New twist on chemistry method reveals a treasure trove of novel protein targets for small-molecule drugs

Improving upon an approach they developed two years ago, a bicoastal team of chemists add new power to drug discovery efforts.    

October 31, 2019


LA JOLLA, CA, and JUPITER, FL — The world of possibility for new and better small-molecule medicines has widened significantly with the latest discovery from chemists at Scripps Research. A team led by Christopher Parker, PhD, and Ben Cravatt, PhD, found a way to quickly identify proteins that can interact with drug candidates directly in living cells.

The findings, published in Nature Chemistry, provide a valuable new approach to power drug discovery across a range of disease areas including cancer, immunology and neurobiology. 

“Even with all of the advances in drug development and medical care, only a fraction of our 20,000-or-so human proteins are targeted by drugs today,” says Parker, assistant professor of chemistry on Scripps Research’s Florida campus. “We found a way to survey the landscape of proteins that exist in human cells and identify ‘druggable’ areas that are still flying under the radar of modern medicine.”

The majority of all medicines today are what’s known as “small molecule” drugs, a category encompassing everything from aspirin to antidepressants. Usually taken by mouth, these drugs exert their effect by acting on proteins in the body. Some may stimulate a cellular process that creates a desired effect; others may block a process that’s causing trouble. Aspirin, for example, inactivates a type of protein that that causes inflammation.

But as Parker notes, only a small share of human proteins is currently considered “druggable.” Roughly 6,000 proteins are known to be involved in human disease, yet a scant 600 have drugs targeting them.

As the team set out to map new and better drug targets, they had a favorable starting point. They were able to build upon their landmark study in Cell from two years earlier, in which they introduced a new process using chemical “probes,” which are essentially tiny fragments of small-molecule drugs that bind to a protein partner. This study revealed thousands of new protein-fragment interactions in human cells and showed that these interactions could be advanced to small molecules that modulate protein function. The research was eye-opening, but there was a catch: The scientists weren’t always able to easily discern exactly how selective or “druggable” these interactions were, Parker says.  

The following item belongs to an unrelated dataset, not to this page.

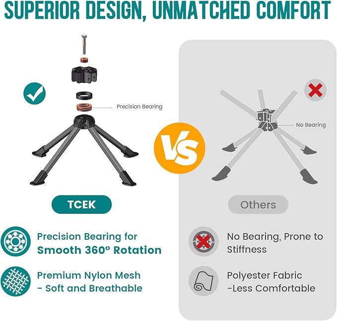 - Your Adventure, Your Way: Take the TCEK swivel chair anywhere—camping, hiking, beach, fishing, sports, soccer and more. Ultralight, small-sized, and portable, TCEK outdoor gear enhances every adventure, providing comfort wherever your journey takes you
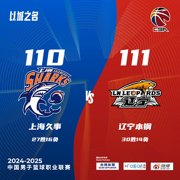 优直播讯北京时间3月23日,CBA常规赛上海久事主场迎战辽宁本钢,半场上海54-57辽宁,比赛还剩最后2分钟辽宁领先9分,随后上海反扑追至1分分差,最后3.3秒,辽宁张镇麟为避免上海犯规战术直接选择超远三分出界,留给上海0.5秒最后一攻后场发球洛夫顿空接出手弹框而出,最终辽宁111-110险胜上海。

The new research, led by Parker and Yujia Wang, a graduate student in the Cravatt lab, presents a much faster way to find and confirm promising new drug targets. The team built a library of specialized probes that would leave little room for mystery. They did this by creating pairs of drug fragments that were mirror images of one another—and therefore, not superimposable—but otherwise identical.

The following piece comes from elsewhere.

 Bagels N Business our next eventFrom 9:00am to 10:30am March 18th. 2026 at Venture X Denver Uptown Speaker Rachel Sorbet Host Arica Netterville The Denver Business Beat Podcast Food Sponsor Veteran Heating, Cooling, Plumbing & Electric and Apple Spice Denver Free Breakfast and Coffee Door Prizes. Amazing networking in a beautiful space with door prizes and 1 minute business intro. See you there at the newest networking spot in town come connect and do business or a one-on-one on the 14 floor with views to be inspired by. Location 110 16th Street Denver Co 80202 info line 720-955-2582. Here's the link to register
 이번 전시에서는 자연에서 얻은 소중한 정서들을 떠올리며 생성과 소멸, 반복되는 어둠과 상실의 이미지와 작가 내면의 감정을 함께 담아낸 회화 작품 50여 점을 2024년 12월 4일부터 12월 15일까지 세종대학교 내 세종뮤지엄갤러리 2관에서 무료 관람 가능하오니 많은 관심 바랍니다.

“By minimizing the structural differences between the probes, we were able to more efficiently home in on uniquely druggable protein targets,” Parker says.

Finding unique targets is key, as drug developers want a medicine to only interact with a specific protein to control the outcome of interest, and not create undesirable side effects. “It’s an expedited way to map these types of targets and gain confidence that you’re hitting druggable sites,” he says.

By directly comparing the protein interactions of each mirror image, the team was able to cancel out interactions that weren’t as useful for drug discovery. For example, if both members of a pair stuck to many of the same proteins, but only one protein elicited a preference for one of the mirror images, it was a clear sign of a promising druggable site.

The study tested a set of eight mirror-image probes on human white blood cells; these cells are central to immune response, making them of special interest for medicine. However, future studies can test out different probes on a wide range of cells—the possibilities are seemingly endless.

“There are a number of exciting directions this can take us next,” says Parker. “We want to figure out ways to find as many druggable proteins as we can.”

Authors of the study, “Expedited mapping of the ligandable proteome using fully functionalized enantiomeric probe pairs,” include Yujia Wang, Melissa M. Dix, Giulia Bianco, Jarrett R. Remsberg, Hsin-Yu Lee, Stefano Forli, Christopher G. Parker and Benjamin F. Cravatt of Scripps Research; Marian Kalocsay and Steven P. Gygi of Harvard; and Gregory Vite, and R. Michael Lawrence of Bristol-Myers Squibb.